Sonar-TS: Search-Then-Verify Natural Language Querying for Time Series Databases
Researchers introduce Sonar-TS, a neuro-symbolic framework that enables natural language querying of time series databases by combining SQL-based feature indexing with Python verification programs. The work addresses limitations in existing Text-to-SQL methods for handling continuous temporal patterns and introduces NLQTSBench, the first large-scale benchmark for evaluating natural language queries against time series data at scale.
Sonar-TS represents a meaningful advancement in making time series data more accessible to non-technical users through natural language interfaces. The framework tackles a genuine technical gap: existing Text-to-SQL systems excel at structured queries but struggle with morphological intents like shape recognition or anomaly detection, while time series models fail at ultra-long history processing. The Search-Then-Verify pipeline mirrors sonar technology by first identifying candidate windows through SQL queries against feature indices, then validating them against raw signals using generated Python code.
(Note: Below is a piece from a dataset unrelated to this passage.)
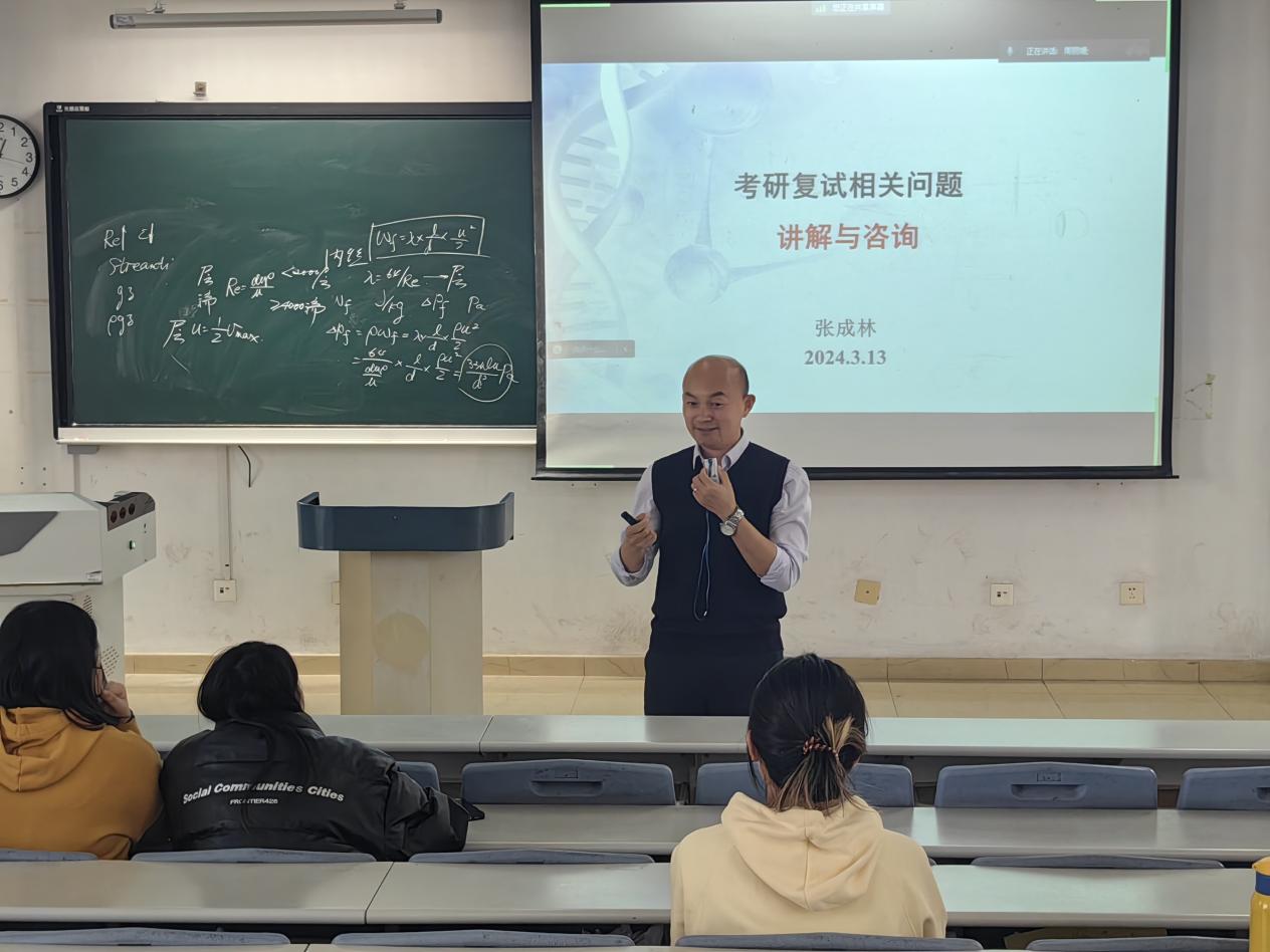 张成林教授。指导会采取线上线下相结合的方式进行,由本科生2020级辅导员老师周丽媛主持,2020级参加研究生考试的同学参会。

This work emerges from the broader trend of democratizing data access through language models. As organizations accumulate massive temporal datasets in monitoring systems, financial records, and sensor networks, the ability to query these repositories conversationally addresses a real operational bottleneck. Traditional approaches force users to understand both time series specifics and database syntax.
The introduction of NLQTSBench signals growing maturity in the field—establishing standardized evaluation benchmarks typically precedes widespread adoption and funding. For database vendors and data analytics platforms, this framework offers a potential competitive differentiator. For developers, Sonar-TS provides an open methodology for integrating language models with time series systems. The neuro-symbolic approach (combining learned and rule-based components) has proven more robust than pure deep learning in similar domains.
The immediate impact remains academic, but the framework could influence enterprise tools within 18-24 months. Watch for adoption by monitoring platforms like Datadog or New Relic, and whether cloud providers integrate similar capabilities. The benchmark's quality will determine whether this becomes a reference standard or niche contribution.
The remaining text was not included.